Use cases for <custom-word> markup
Three common use cases for the <custom-word> tag are
Nonsense and out-of-vocabulary words
Proper nouns
Defining a non-default pronunciation for a word
Nonsense and out-of-vocabulary words
Example: “Say the word voos”
The nonsense word voos
is not in the engine, therefore, without the <custom-word>
markup, this target returns an error.
Input targets:
<custom-word pronunciation = "v uw s">voos</custom-word>
JSON output:
One
quality_score
token_type
: “custom-word“Example [audio was “/v uw s/“]:
"results": [ { "hypothesis_score": 98, "duration": 2.04, "hypothesis_duration": 0.93, "category": "voos", "end": 1.5, "start": 0.57, "word_breakdown": [ { "duration": 0.93, "quality_score": 98, "token_type": "custom-word", "end": 1.5, "start": 0.57, "phone_breakdown": [ { "duration": 0.24, "quality_score": 97, "end": 0.81, "start": 0.57, "phone": "v" }, { "duration": 0.12, "quality_score": 100, "end": 0.93, "start": 0.81, "phone": "uw" }, { "duration": 0.57, "quality_score": 95, "end": 1.5, "start": 0.93, "phone": "s" } ], "word": "voos", "target_transcription": "v uw s" } ] }
Proper Nouns
Example: “Can you say the main character’s name, Phonzy”
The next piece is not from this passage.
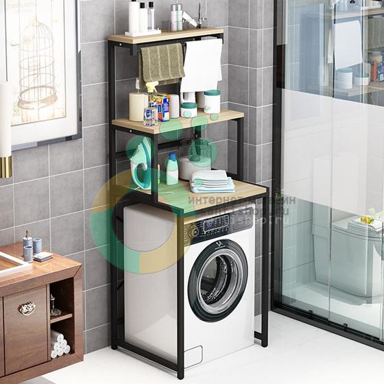 Стелаж з нішею під пральну машину з поличками для різних аксесуарів з надійного металу. Виготовляється на замовлення протягом 2 тижнів. Розмір і колір довільний. Матеріал полиць ЛДСП або дерево (ялина, бук, ясен, дуб).
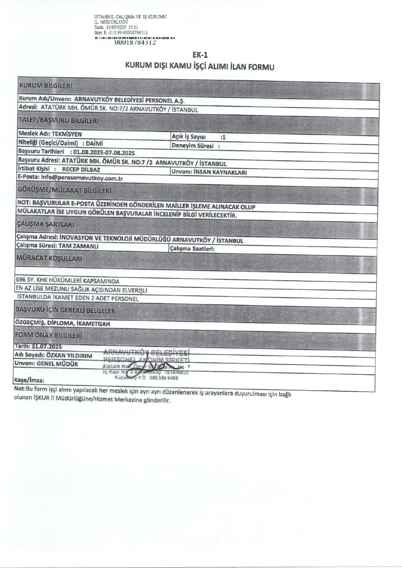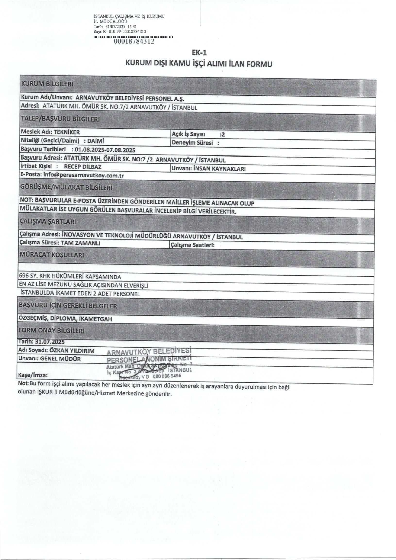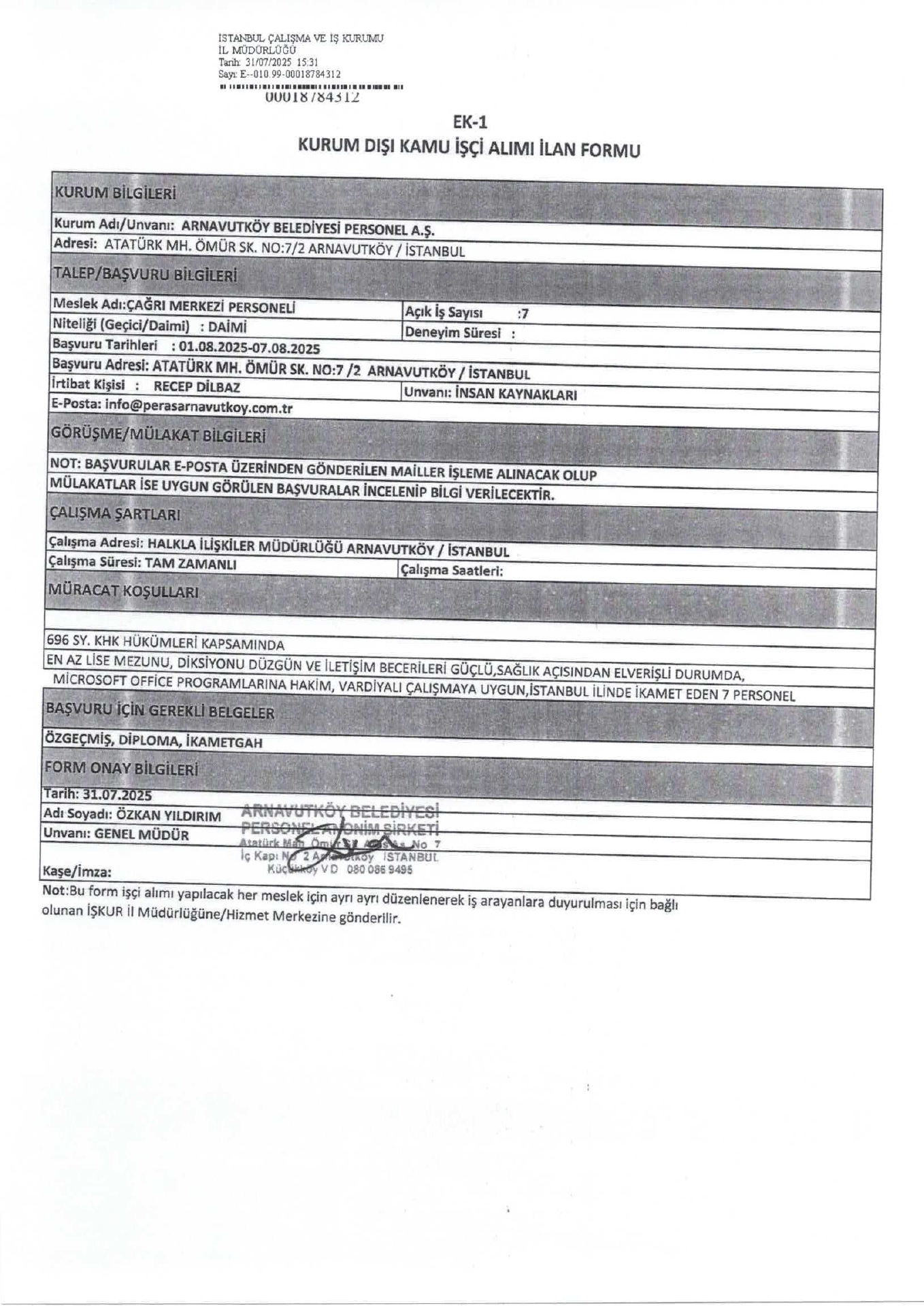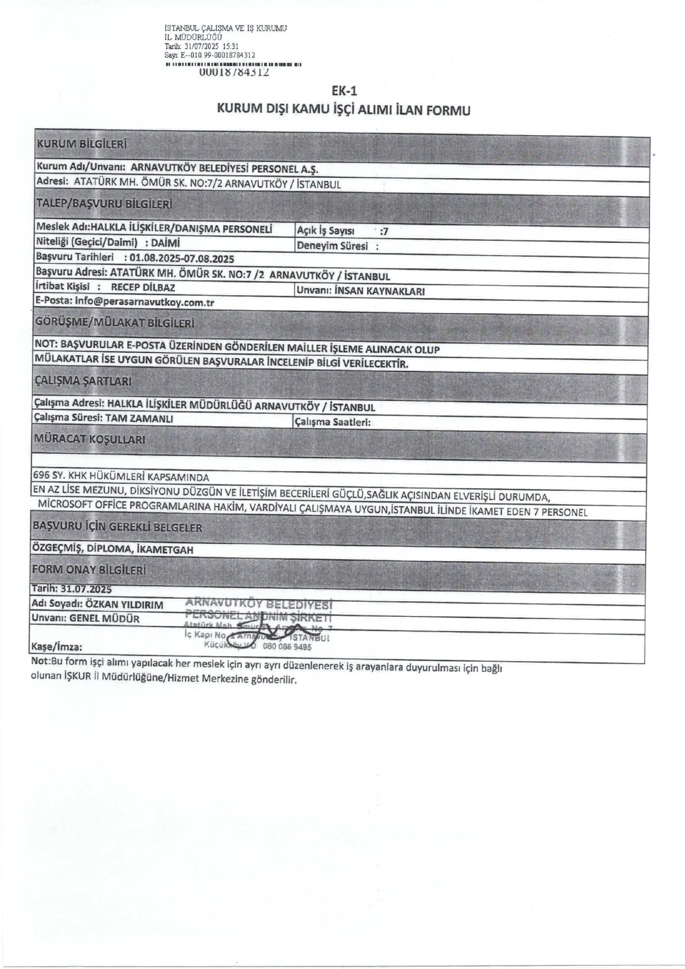 İstanbul Arnavutköy Belediyesi 22 İşçi Alacak. Son başvuru tarihi 7 ağustos 2025

Often proper names are out-of-vocabulary words. The <custom-word>
markup can be used to enter these targets.
Input targets:
<custom-word pronunciation = "f ao n z iy">Phonzy</custom-word>
JSON output:
One
quality_score
token_type
: “custom-word“Example [audio was “/f ao n z iy/“]:
"results": [ { "hypothesis_score": 88, "duration": 2.28, "hypothesis_duration": 0.9, "category": "phonzy", "end": 1.47, "start": 0.57, "word_breakdown": [ { "duration": 0.9, "quality_score": 88, "token_type": "custom-word", "end": 1.47, "start": 0.57, "phone_breakdown": [ { "duration": 0.21, "quality_score": 98, "end": 0.78, "start": 0.57, "phone": "f" }, { "duration": 0.12, "quality_score": 71, "end": 0.9, "start": 0.78, "phone": "ao" }, { "duration": 0.06, "quality_score": 95, "end": 0.96, "start": 0.9, "phone": "n" }, { "duration": 0.21, "quality_score": 66, "end": 1.17, "start": 0.96, "phone": "z" }, { "duration": 0.3, "quality_score": 97, "end": 1.47, "start": 1.17, "phone": "iy" } ], "word": "phonzy", "target_transcription": "f ao n z iy" } ] } ]
Defining a non-default pronunciation for a word
The <custom-word>
tag can be used to to distinguish or specify certain pronunciations of words. Since languages have different dialects, one use case for the <custom-word>
markup is to ensure that a child is using the correct pronunciation for a specific dialect.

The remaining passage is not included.